▶ **Exercise objective**: Please reproduce the listing in its entirety, exactly as written, but without images.

▶ **Data for review**:

[Start of section]

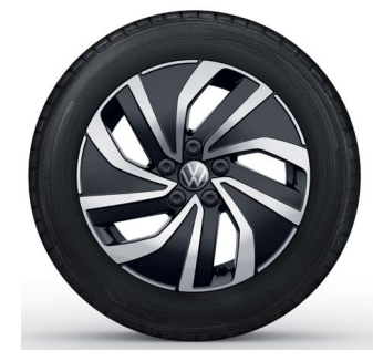
15" Essex Alloy (Optional on Polo, standard on Life)
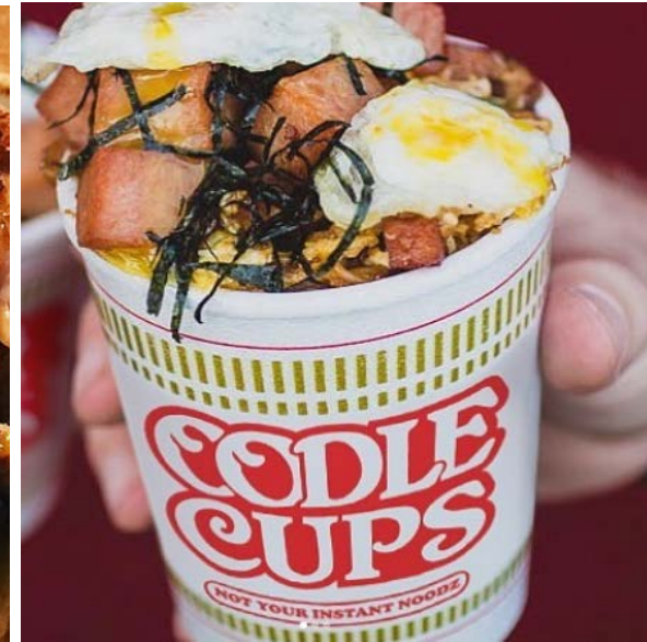
Cup noodles fried and topped with spam, sous vide egg, nori Off the Grid (San Francisco) offthegrid.com
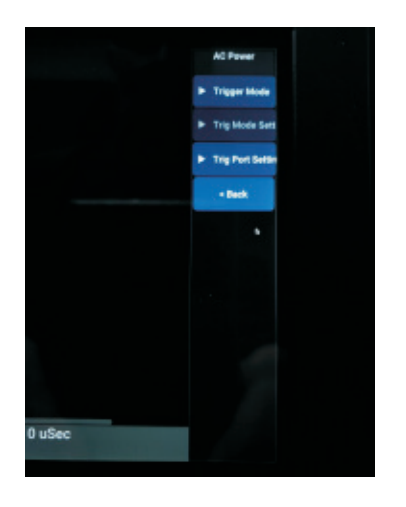
TRIGGER MODE SETTINGS MENU
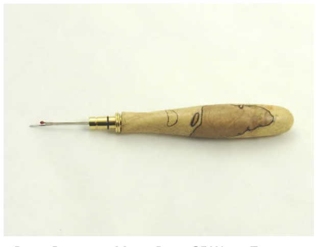
DAVID BUSHMAN, MAPLE BURL, GF WOOD TURNERS, SEWING TOOL – SEAM RIPPER
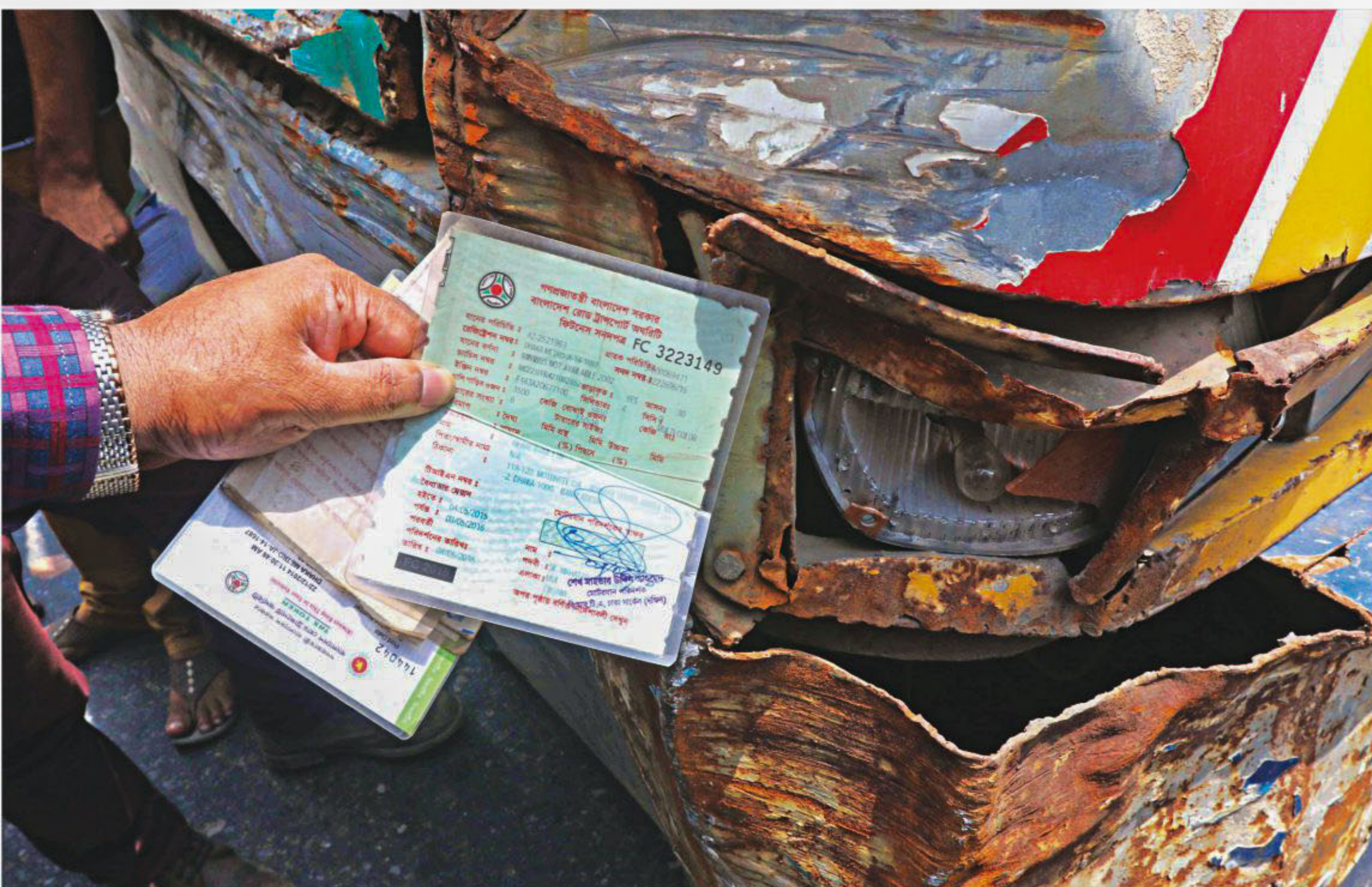
This bus has a fitness certificate, even though its indicator light is broken and it has heavy dents on its body. It had no wipers either. However, during a drive against unfit vehicles yesterday, a Dhaka Metropolitan Police mobile court stopped it at Shanir Akhra near the capital and had it impounded.

"You all have to remain careful so that the image of Bangabandhu is not

[End of section]

▶ **Response to the exercise**:
15" Essex Alloy (Optional on Polo, standard on Life)
Cup noodles fried and topped with spam, sous vide egg, nori Off the Grid (San Francisco) offthegrid.com
TRIGGER MODE SETTINGS MENU
DAVID BUSHMAN, MAPLE BURL, GF WOOD TURNERS, SEWING TOOL – SEAM RIPPER
This bus has a fitness certificate, even though its indicator light is broken and it has heavy dents on its body. It had no wipers either. However, during a drive against unfit vehicles yesterday, a Dhaka Metropolitan Police mobile court stopped it at Shanir Akhra near the capital and had it impounded.

"You all have to remain careful so that the image of Bangabandhu is not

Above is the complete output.